What is data labeling?
Labeled data teaches models how to understand inputs and enables them to make useful predictions. That makes data labeling a foundational requirement for any supervised machine learning application—which describes the vast majority of ML projects.
At a basic level, data labeling prepares data sets to teach models what inputs correspond to which outputs. This process takes raw documents, files, or tabular records and adds one or more tags or labels to each.
This approach applies across all data modalities. For example:
- Written content moderation: Community administrators can use content that has been labeled as unacceptable to develop a model to flag—or block—potentially offensive posts.
- Audio classification: A record company that acquires a new catalog can build a model to assign each song to a genre based on the labels and sonic qualities in their existing catalog.
- Visual object detection: A computer vision model may learn from captions or labels attached to pictures to predict whether photos contain things like dogs, cats, bridges, automobiles, or bicycles.
Focusing primarily on developing data sets falls into the category of data-centric AI— which stands in contrast to model-centric AI. In model-centric AI, data scientists assume that data sets are static and aim to achieve better results by optimizing model architectures and parameters. Data-centric AI assumes that approaches like AutoML will identify appropriate model architectures, and the best way to improve performance is through developing clean and robust training data.
Some machine learning algorithms, such as clustering and self-supervised learning, do not require data labels, but their direct business applications are limited. Use cases for supervised machine learning models, on the other hand, cover many business needs.
All of this makes data labeling a vital part of the machine learning pipeline.
Key approaches to data labeling
When enterprises decide to embark on a new AI project, one of the first decisions project leaders must make is how to approach their data labeling process.

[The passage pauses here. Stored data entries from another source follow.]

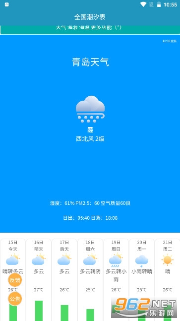 《全国潮汐表app》是一款潮汐时间预测软件,软件让你告别传统的计算方式,直接通过平台就可以查询出全国各地各大城市的海边的潮汐时间,浴场温度,空气质量等等,操作超级方便,需要的朋友就下载吧!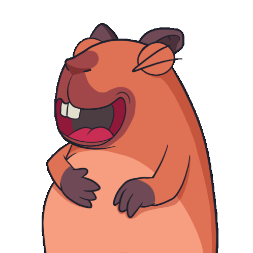 A cheerful cartoon capybara, part of the Cappys NFT collection, laughs with its eyes closed in this animated sticker.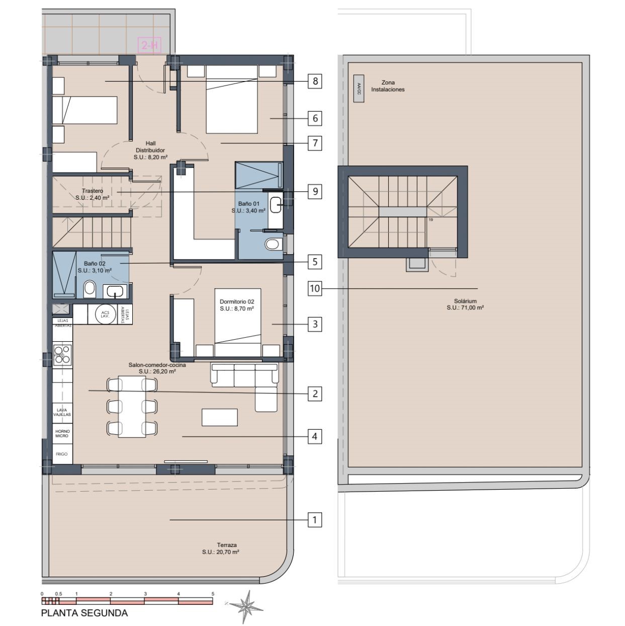 Deze woning is gelegen op de bovenste verdieping, waardoor deze geniet van heel wat buitenruimte. Er is een ruim terras voorzien van 20m², aansluitend aan de woonkamer. Via een binnentrap in het appartement, kom je terecht op jouw privésolarium van maar liefst 71m². Hier kan je de hele dag door genieten van de zon en de meest prachtige zichten.

While nuances exist, their choices generally fall into the following categories:
- Internal manual labeling
- External manual labeling
- Semi-supervised labeling
- Programmatic labeling
Finding the right data labeling approach for your project requires first understanding the most common approaches to the task as well as each of their advantages and disadvantages. With a solid background, you can easily select the approach best suited to your project and organization.

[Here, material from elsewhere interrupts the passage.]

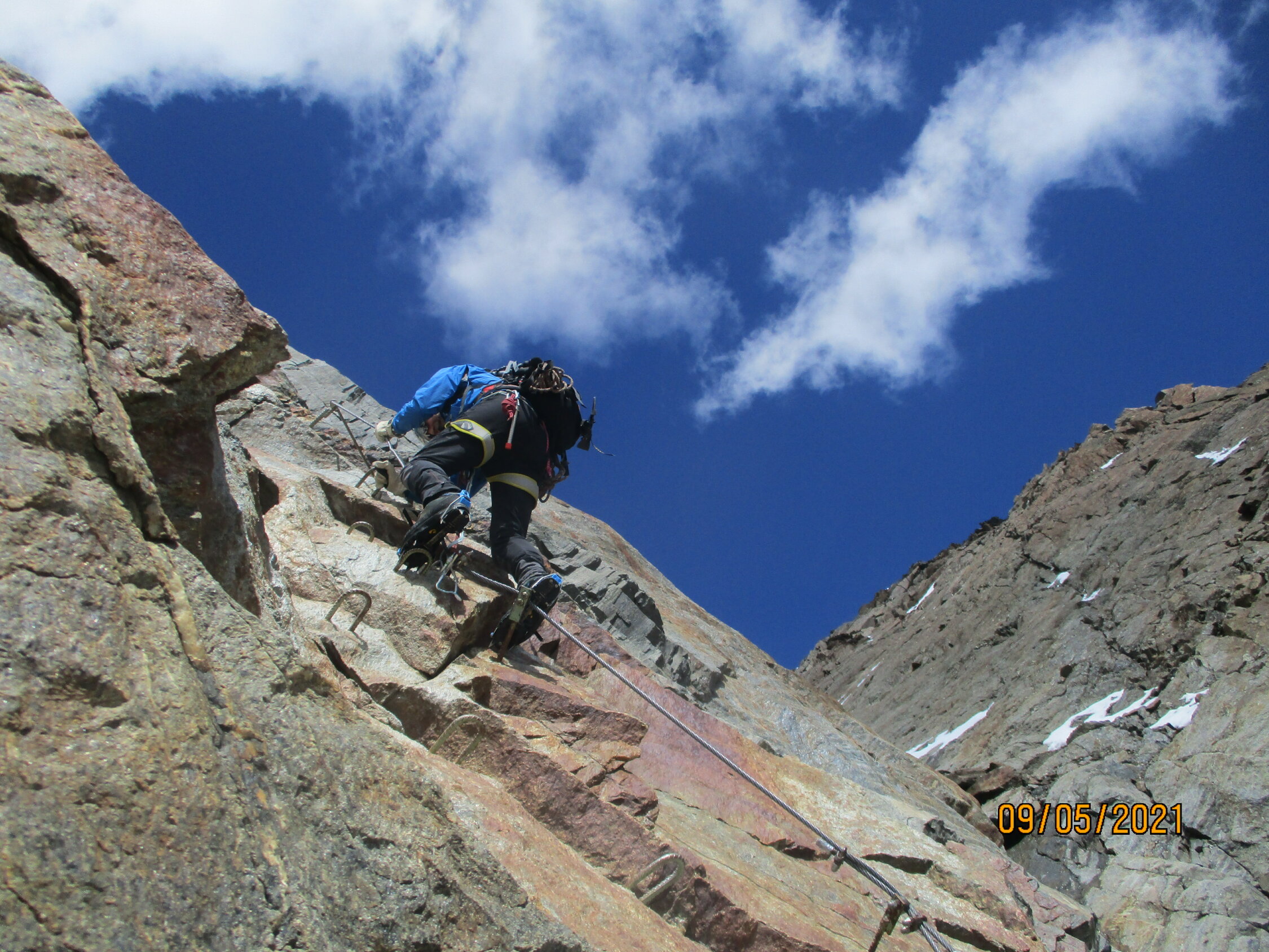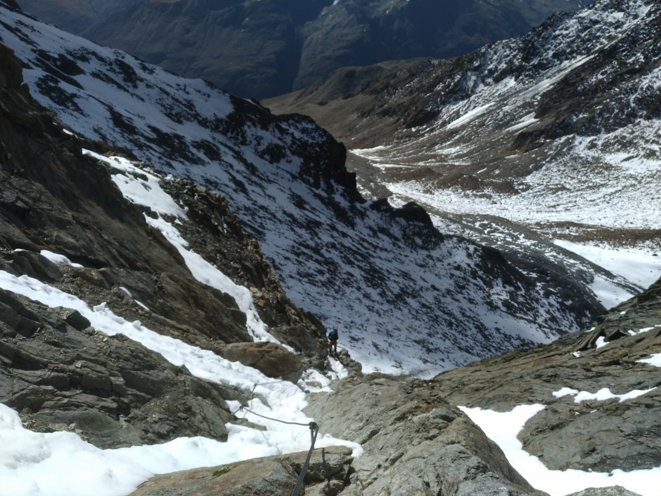 Leider ereignete sich heute in besagtem Firncouloir unterm Mitterkarjoch ein tödlicher Unfall, der auch uns sehr betroffen macht. Wir waren zuvor im Klettersteig mit der bereits absteigenden Gruppe zusammengetroffen und hatten auch kurz Kontakt.

In the following section, we will examine each of these approaches and help you choose.
Internal manual labeling
Internal manual labeling by employees or experts is the most fundamental technique for developing training data for machine learning models.

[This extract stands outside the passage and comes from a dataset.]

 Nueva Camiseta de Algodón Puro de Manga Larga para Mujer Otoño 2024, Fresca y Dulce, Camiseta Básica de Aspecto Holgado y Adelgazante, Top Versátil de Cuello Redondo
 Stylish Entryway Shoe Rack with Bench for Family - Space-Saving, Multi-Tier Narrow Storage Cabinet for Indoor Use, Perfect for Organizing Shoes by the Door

At a basic level, it involves manually examining each data point and using subject-matter expertise to label it. Data scientists and machine learning engineers generally consider this approach as the gold standard for data quality.
In some cases, this is the only approach that makes sense. For example, asking physicians to hand label radiology images for developing a computer vision model.
However, the manual approach presents challenges. Labelers must possess the expertise required to label the examples appropriately. Additionally, organizations need significant financial resources to scale this approach and develop sufficient training sets for modern models.
External manual labeling
In external manual labeling (also known as “crowdsourcing”), data teams break labeling tasks into chunks and assign them to individuals—generally contractors or temp workers. The workers then apply labels according to the rules defined for the task.
The ability to add more workers on demand and dismiss them at job completion allows data teams to scale their data-generation capacity as needed while reducing or eliminating the need to hire more employees. It also reduces costs by shifting data labeling work away from specialized, high-value employees.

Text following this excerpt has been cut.